Treinta y siete veces lo has intentado, otras tantas has
fracasado. Por lo menos nadie te puede acusar de que te rindes fácilmente, de
que eres poco pertinaz, de que tu espíritu se quiebra con la memoria del dolor.
Nadie puede tirarte en cara algo que suene a antónimo de terquedad.
Tres docenas más uno de
intentos. Si tan sólo pudieras explicarte y dar razones. Quizás si comunicaras
mejor tus motivos y los pensamientos que hay detrás de ellos, quizás tendrías
seguidores, gente que te aplaudiera y reforzara tus intenciones. Pero bien
sabemos que lo tuyo no es eso de la comunicación. Y precisamente allí está el
dilema.
No somos islas.
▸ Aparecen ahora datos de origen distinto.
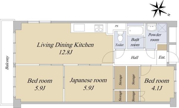 | 間取内訳 | LDK12.8畳 洋室5.9畳 洋室4.1畳 和室5.9畳 | ||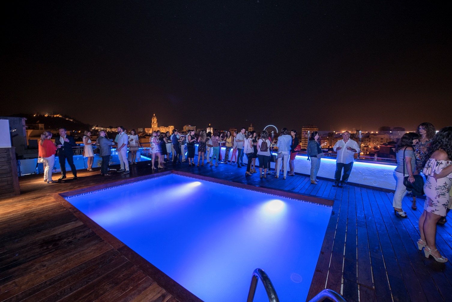 Cerca de 200 invitados, entre los que figuraban profesionales del sector turístico malagueño y periodistas, pudieron disfrutar anoche de las espectaculares vistas que ofrece la azotea de Sallés Hotel Málaga Centro, al tiempo que degustaban diferentes creaciones culinarias salidas de los fogones del establecimiento, sesión de DJ en directo y actuaciones de violín eléctrico.

Todos estamos
de una u otra forma relacionados. Hasta mi camisa es una manera de entrar en
contacto con el trabajo de un montón de mujeres atadas a una máquina de coser
allá en Tailandia. Pero lo tuyo no es la comunicación. Comienzas muy bien,
hasta encandilas como fuego artificial; de repente explotas y luego sólo queda
el silencio. Hasta allí tu comunicación. Tú estás consciente de eso. Por eso
admiro tu decisión de intentarlo una vez más.
Mañana te vestirás de
saco y corbata, te acompañará tu testigo, te pondrás de pie frente al juez de
paz y ella estará a tu lado, prometerás cuidarla en las buenas y en las malas y
al final escucharás, nuevamente, al magistrado decir: “Los declaro marido y
mujer”.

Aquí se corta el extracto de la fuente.